Dataset entries
________________________

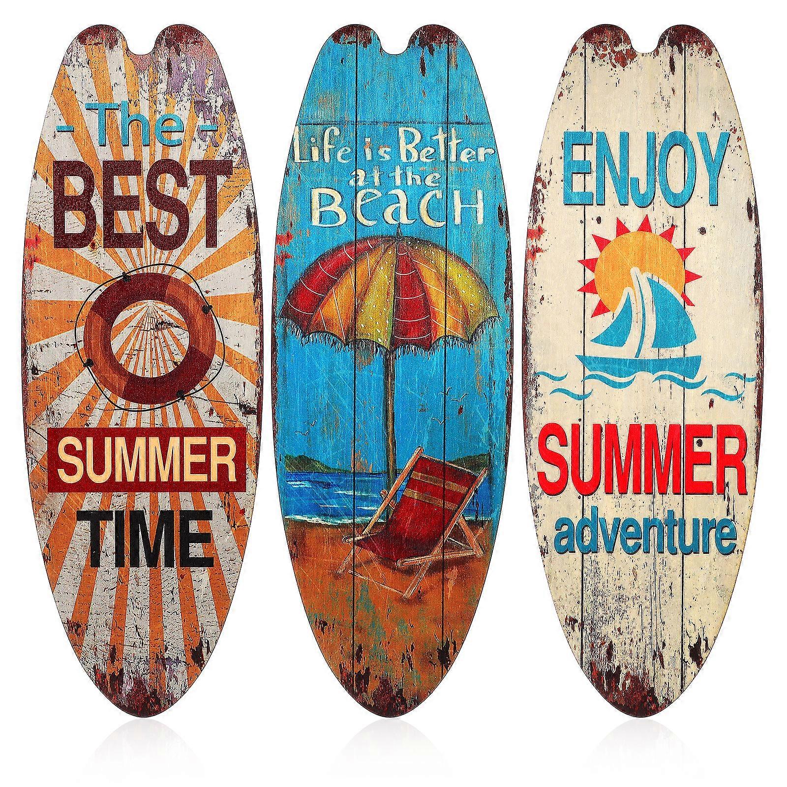 3 Pcs Surfboard Wall Decors Wooden Surfboard Decoration Decorative Surfboard Summer Beach Decoration
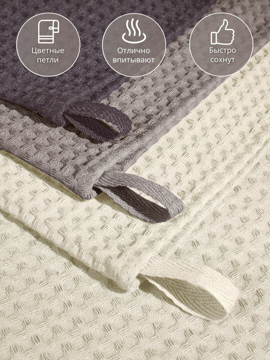 Набор вафельных полотенец для кухни 45х70см, шампань/серый/панг
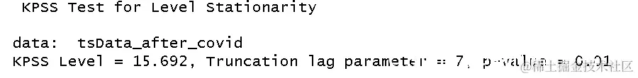 - 对于COVID-19之后的数据集,KPSS检验给出的p值为 0.01,该值小于0.05,这说明时间序列数据 不是平稳的。
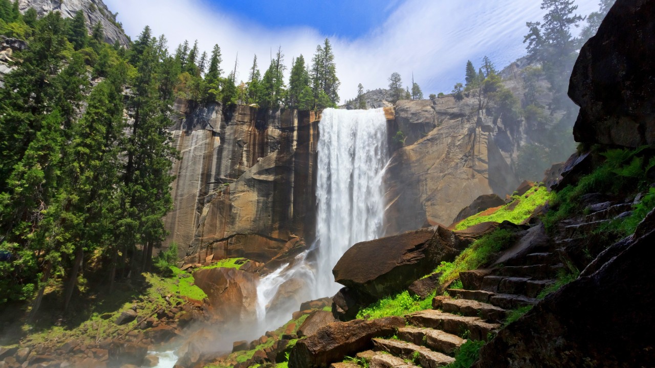 悬崖、瀑布、岩石、石阶、自然、风景
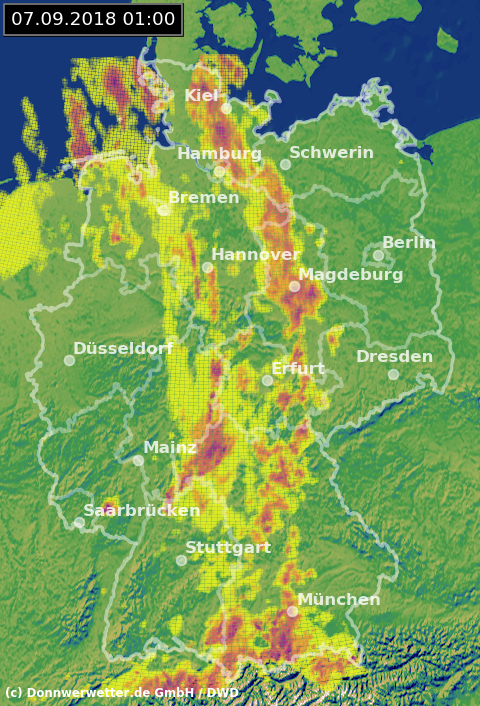 Das Radarbild zeigt aktuell in einer Zone über der Landesmitte, die von Nord nach Süd verläuft teils stärkere Regen- und Schauersignale, vereinzelt blitzt und donnert es auch noch. Sonst präsentiert sich der Himmel über Deutschland sowohl westlich, als auch östlich dieser Zone teils sternenklar, oder nur leicht bewölkt im übrigen Bereich meist wolkenverhangen. Stellenweise haben sich in feuchter Luft Nebelfelder gebildet.
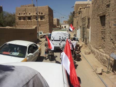 تزينها أعلام الجمهورية ..طلائع مسيرة السلام تصل صعدة (صورة)

________________________

▶ DIRECTIONS:
Each line of the data above should be reproduced without alteration, and no picture should appear in the copy.

▶ EXERCISE SOLUTION:
 3 Pcs Surfboard Wall Decors Wooden Surfboard Decoration Decorative Surfboard Summer Beach Decoration
 Набор вафельных полотенец для кухни 45х70см, шампань/серый/панг
 - 对于COVID-19之后的数据集,KPSS检验给出的p值为 0.01,该值小于0.05,这说明时间序列数据 不是平稳的。
 悬崖、瀑布、岩石、石阶、自然、风景
 Das Radarbild zeigt aktuell in einer Zone über der Landesmitte, die von Nord nach Süd verläuft teils stärkere Regen- und Schauersignale, vereinzelt blitzt und donnert es auch noch. Sonst präsentiert sich der Himmel über Deutschland sowohl westlich, als auch östlich dieser Zone teils sternenklar, oder nur leicht bewölkt im übrigen Bereich meist wolkenverhangen. Stellenweise haben sich in feuchter Luft Nebelfelder gebildet.
 تزينها أعلام الجمهورية ..طلائع مسيرة السلام تصل صعدة (صورة)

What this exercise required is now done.